======== Given records ========

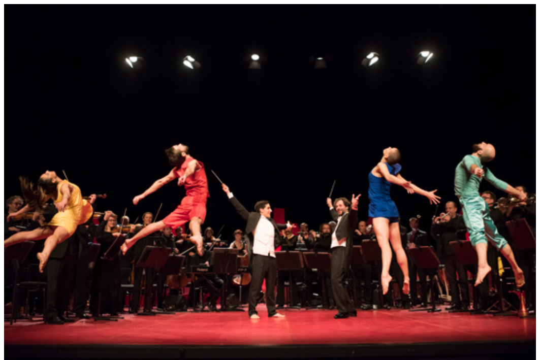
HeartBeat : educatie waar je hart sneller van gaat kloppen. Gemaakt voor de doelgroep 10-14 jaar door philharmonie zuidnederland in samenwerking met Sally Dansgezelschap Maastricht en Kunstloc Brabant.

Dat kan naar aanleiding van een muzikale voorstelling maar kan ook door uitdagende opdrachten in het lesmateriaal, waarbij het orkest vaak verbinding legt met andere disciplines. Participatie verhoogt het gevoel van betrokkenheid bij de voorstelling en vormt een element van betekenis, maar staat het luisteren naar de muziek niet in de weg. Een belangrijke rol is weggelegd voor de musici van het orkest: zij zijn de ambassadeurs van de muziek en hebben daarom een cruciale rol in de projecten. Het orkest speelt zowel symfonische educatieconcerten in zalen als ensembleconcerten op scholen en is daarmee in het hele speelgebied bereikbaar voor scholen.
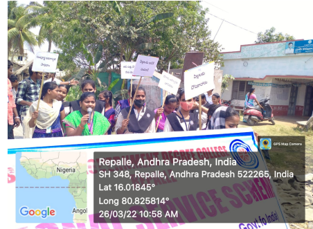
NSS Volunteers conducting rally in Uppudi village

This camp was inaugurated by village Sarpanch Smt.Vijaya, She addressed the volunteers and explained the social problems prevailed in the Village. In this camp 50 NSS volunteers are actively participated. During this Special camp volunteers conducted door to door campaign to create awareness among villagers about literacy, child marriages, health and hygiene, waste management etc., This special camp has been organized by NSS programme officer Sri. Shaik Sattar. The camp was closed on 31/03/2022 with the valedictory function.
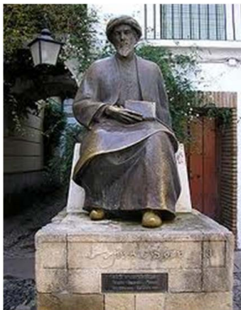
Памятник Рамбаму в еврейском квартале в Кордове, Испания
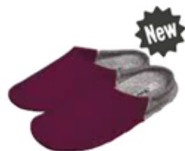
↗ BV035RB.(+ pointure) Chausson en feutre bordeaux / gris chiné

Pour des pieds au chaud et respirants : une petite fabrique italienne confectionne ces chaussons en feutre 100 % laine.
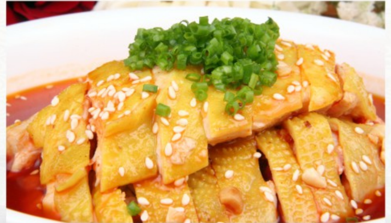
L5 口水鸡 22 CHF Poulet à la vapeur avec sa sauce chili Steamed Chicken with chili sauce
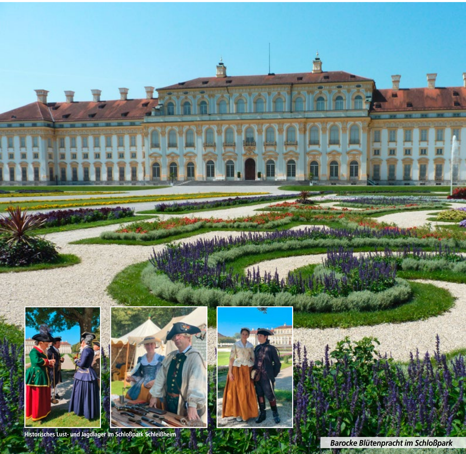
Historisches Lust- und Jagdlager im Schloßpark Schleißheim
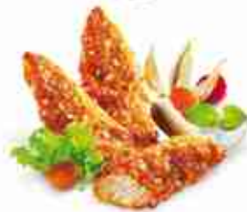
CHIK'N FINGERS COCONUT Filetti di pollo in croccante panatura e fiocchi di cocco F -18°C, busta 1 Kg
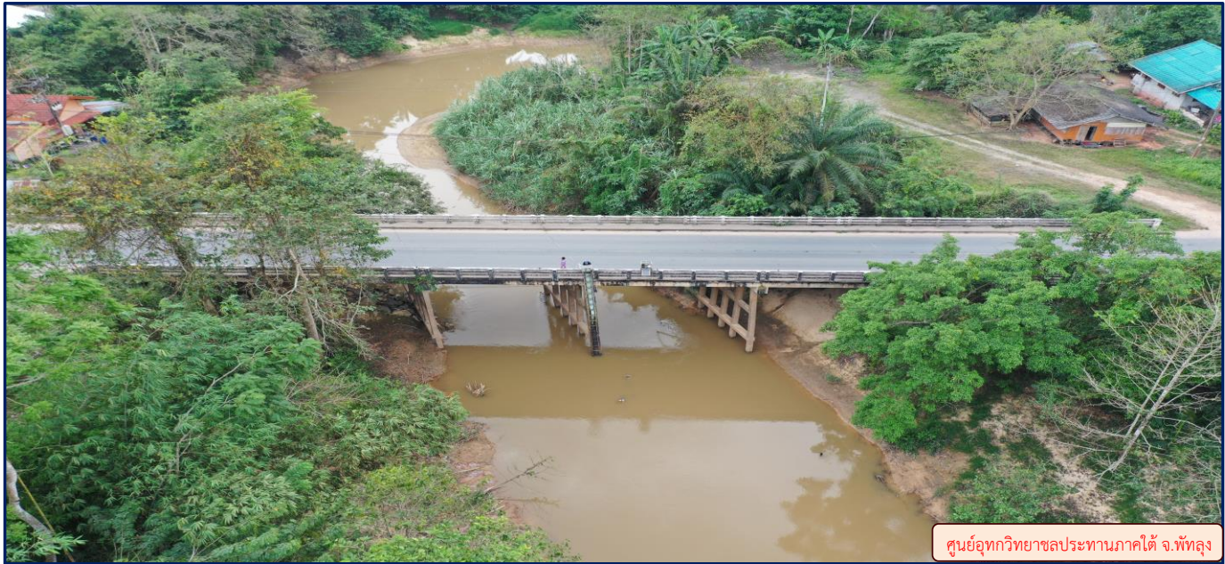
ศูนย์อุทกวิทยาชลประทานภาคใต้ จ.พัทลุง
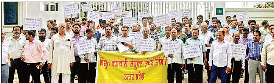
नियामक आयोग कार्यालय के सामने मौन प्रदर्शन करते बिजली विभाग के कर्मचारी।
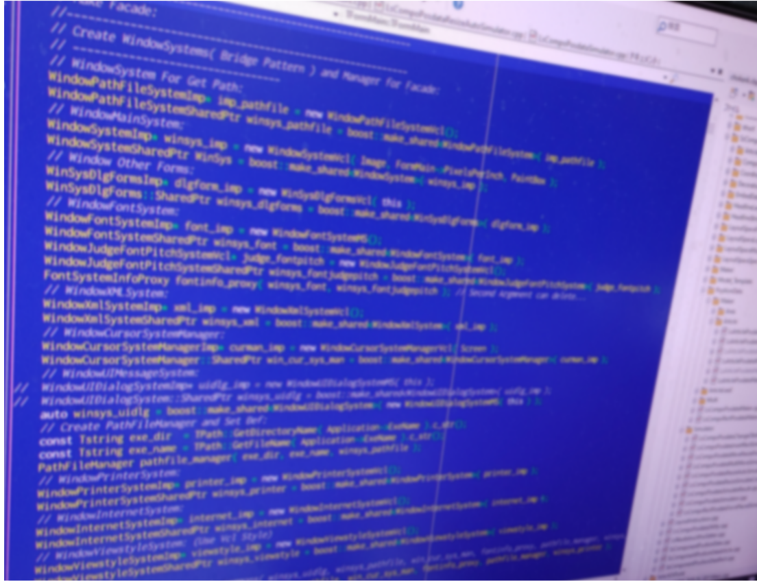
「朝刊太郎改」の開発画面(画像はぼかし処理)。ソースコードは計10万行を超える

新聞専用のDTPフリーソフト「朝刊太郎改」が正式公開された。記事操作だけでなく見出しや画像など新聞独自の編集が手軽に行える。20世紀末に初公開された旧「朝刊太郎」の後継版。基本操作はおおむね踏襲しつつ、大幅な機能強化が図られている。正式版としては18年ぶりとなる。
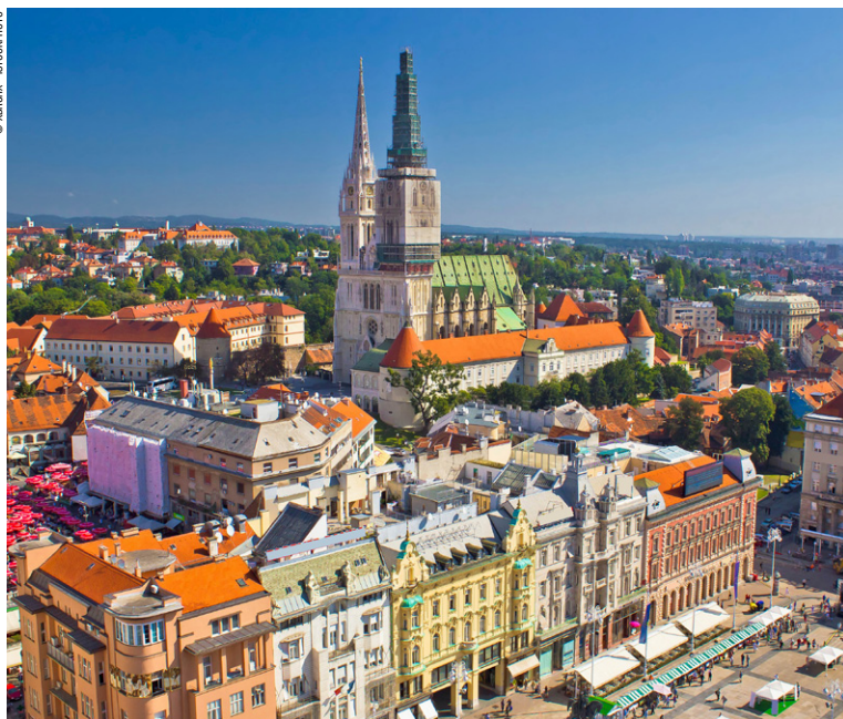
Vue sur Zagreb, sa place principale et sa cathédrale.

========
======== Given records ========

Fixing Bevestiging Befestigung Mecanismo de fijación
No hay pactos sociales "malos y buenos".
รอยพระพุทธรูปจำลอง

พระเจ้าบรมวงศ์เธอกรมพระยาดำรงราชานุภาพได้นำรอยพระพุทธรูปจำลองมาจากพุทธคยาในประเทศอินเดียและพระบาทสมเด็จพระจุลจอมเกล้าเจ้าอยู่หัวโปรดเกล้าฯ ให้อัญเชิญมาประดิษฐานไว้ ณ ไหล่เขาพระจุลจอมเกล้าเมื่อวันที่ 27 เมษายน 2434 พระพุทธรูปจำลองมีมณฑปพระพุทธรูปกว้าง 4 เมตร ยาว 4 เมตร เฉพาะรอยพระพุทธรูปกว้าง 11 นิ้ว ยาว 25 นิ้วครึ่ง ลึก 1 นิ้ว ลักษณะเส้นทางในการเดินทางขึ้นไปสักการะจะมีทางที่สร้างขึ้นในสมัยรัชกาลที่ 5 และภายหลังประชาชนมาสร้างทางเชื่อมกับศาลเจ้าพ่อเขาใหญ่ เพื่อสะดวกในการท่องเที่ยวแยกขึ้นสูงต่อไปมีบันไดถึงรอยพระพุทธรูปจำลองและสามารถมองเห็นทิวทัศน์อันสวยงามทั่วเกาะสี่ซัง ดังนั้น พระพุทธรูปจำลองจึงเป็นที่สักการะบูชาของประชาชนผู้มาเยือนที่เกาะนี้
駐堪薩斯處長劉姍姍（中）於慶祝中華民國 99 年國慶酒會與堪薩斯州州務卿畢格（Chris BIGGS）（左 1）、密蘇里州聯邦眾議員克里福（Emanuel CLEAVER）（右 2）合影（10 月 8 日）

========
======== Given records ========

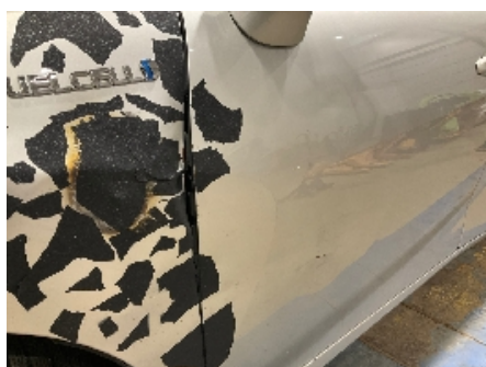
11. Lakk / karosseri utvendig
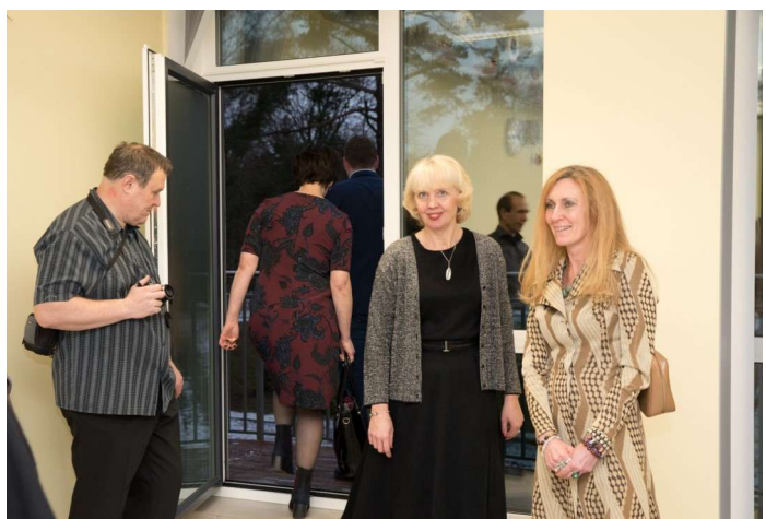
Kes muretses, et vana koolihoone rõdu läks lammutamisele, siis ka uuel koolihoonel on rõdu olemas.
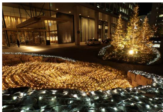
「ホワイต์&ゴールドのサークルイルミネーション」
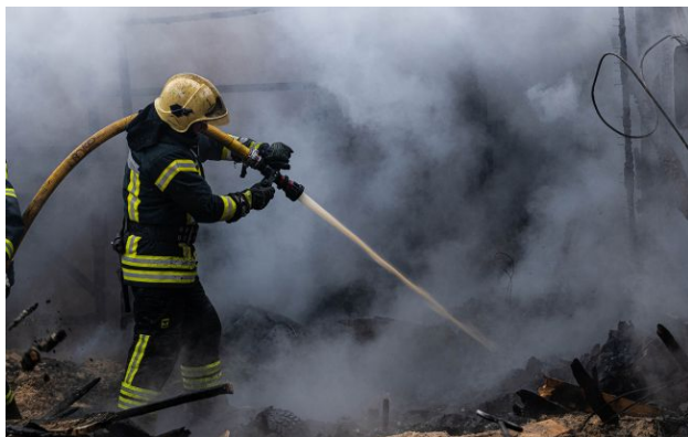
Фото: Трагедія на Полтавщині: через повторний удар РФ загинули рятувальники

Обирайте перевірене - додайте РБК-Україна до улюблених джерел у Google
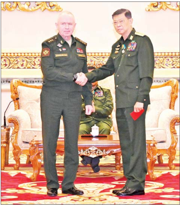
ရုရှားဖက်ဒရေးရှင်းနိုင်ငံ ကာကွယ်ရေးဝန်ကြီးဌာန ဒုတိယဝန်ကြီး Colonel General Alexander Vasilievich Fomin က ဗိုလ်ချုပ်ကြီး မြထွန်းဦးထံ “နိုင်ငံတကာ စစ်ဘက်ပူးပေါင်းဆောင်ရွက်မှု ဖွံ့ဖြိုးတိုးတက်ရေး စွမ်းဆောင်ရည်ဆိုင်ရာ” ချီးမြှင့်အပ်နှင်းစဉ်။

========

The stretch above running from the line with "HeartBeat : educatie" through the line with "This camp was" is all you should copy, exactly, leaving out the pictures.

- Result for this exercise -
HeartBeat : educatie waar je hart sneller van gaat kloppen. Gemaakt voor de doelgroep 10-14 jaar door philharmonie zuidnederland in samenwerking met Sally Dansgezelschap Maastricht en Kunstloc Brabant.

Dat kan naar aanleiding van een muzikale voorstelling maar kan ook door uitdagende opdrachten in het lesmateriaal, waarbij het orkest vaak verbinding legt met andere disciplines. Participatie verhoogt het gevoel van betrokkenheid bij de voorstelling en vormt een element van betekenis, maar staat het luisteren naar de muziek niet in de weg. Een belangrijke rol is weggelegd voor de musici van het orkest: zij zijn de ambassadeurs van de muziek en hebben daarom een cruciale rol in de projecten. Het orkest speelt zowel symfonische educatieconcerten in zalen als ensembleconcerten op scholen en is daarmee in het hele speelgebied bereikbaar voor scholen.
NSS Volunteers conducting rally in Uppudi village

This camp was inaugurated by village Sarpanch Smt.Vijaya, She addressed the volunteers and explained the social problems prevailed in the Village. In this camp 50 NSS volunteers are actively participated. During this Special camp volunteers conducted door to door campaign to create awareness among villagers about literacy, child marriages, health and hygiene, waste management etc., This special camp has been organized by NSS programme officer Sri. Shaik Sattar. The camp was closed on 31/03/2022 with the valedictory function.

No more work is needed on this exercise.